_What to produce_: From the records below, please print only the lines from the one containing "Stylish engraved mechanical" through the one containing "O Chapéu de", both included. Skip the pictures.

_Task inputs_:
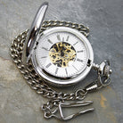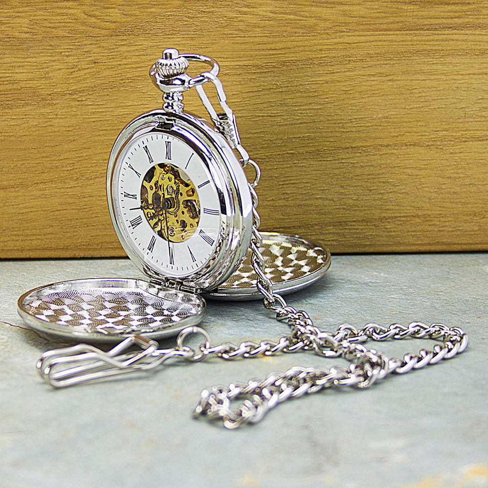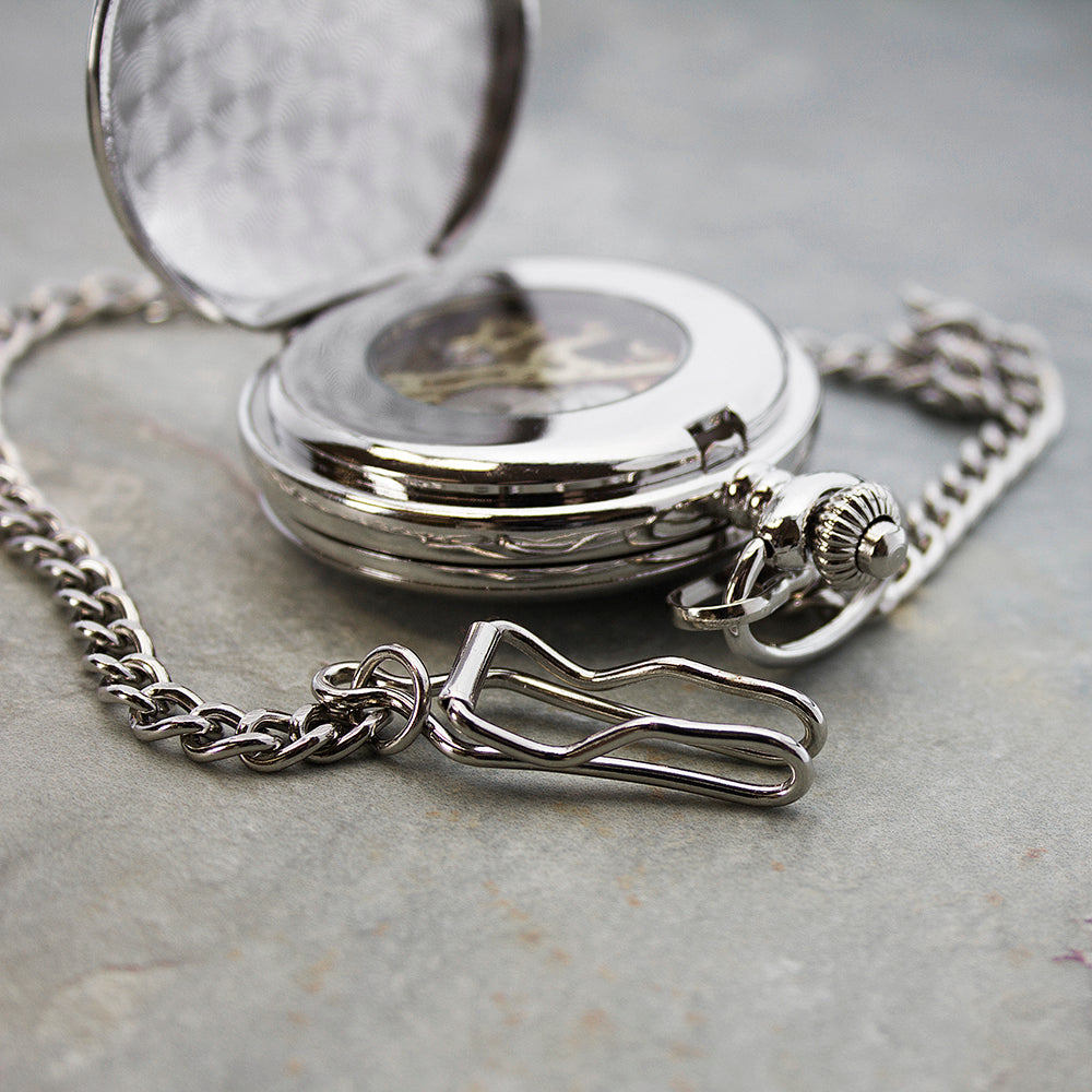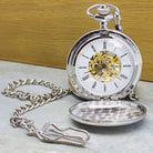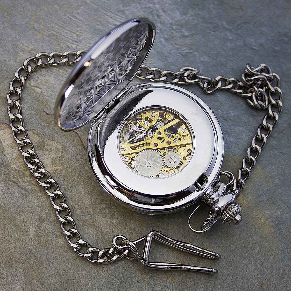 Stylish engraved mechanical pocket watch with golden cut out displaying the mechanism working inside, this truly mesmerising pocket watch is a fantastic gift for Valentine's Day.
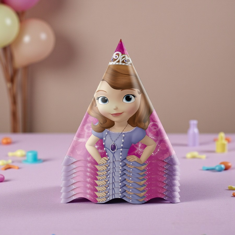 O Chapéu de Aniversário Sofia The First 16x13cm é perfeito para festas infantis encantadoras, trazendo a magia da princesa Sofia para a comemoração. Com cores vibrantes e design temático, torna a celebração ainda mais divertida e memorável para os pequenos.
* * *
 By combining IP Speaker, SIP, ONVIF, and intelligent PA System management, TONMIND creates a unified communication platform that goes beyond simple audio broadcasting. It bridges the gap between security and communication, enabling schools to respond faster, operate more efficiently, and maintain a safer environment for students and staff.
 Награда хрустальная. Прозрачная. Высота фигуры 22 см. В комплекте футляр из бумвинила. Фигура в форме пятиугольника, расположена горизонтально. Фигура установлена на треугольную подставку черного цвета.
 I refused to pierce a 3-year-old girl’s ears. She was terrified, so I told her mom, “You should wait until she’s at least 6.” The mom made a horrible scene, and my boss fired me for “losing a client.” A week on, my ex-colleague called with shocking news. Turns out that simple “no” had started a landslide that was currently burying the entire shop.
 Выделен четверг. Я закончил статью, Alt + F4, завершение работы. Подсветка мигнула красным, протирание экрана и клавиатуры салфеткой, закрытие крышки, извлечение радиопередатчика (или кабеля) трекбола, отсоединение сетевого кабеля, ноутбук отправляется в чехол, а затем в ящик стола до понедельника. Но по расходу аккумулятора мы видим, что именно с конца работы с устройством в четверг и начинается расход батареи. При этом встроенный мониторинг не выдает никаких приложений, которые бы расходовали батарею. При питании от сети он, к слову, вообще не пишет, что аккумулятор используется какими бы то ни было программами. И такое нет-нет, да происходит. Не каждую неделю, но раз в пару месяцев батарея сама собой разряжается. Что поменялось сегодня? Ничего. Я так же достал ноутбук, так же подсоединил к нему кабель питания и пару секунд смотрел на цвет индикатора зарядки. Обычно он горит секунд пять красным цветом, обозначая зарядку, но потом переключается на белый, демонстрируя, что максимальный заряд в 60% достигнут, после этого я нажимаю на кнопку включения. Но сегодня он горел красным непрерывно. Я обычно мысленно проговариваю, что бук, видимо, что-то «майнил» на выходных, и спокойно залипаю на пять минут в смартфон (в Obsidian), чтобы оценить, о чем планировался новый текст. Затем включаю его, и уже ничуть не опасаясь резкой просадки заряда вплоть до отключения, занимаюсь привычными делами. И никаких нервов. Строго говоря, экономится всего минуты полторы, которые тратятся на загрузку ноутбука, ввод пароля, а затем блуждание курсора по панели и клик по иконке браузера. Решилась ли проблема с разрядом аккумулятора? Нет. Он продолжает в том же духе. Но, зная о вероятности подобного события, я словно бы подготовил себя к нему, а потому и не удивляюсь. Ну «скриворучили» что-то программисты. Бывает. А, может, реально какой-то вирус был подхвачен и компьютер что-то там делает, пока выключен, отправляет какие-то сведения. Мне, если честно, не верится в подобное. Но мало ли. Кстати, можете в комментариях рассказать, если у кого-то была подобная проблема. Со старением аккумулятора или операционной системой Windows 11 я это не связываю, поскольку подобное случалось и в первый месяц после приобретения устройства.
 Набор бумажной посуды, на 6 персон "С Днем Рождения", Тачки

_Your solution_:
 Stylish engraved mechanical pocket watch with golden cut out displaying the mechanism working inside, this truly mesmerising pocket watch is a fantastic gift for Valentine's Day.
 O Chapéu de Aniversário Sofia The First 16x13cm é perfeito para festas infantis encantadoras, trazendo a magia da princesa Sofia para a comemoração. Com cores vibrantes e design temático, torna a celebração ainda mais divertida e memorável para os pequenos.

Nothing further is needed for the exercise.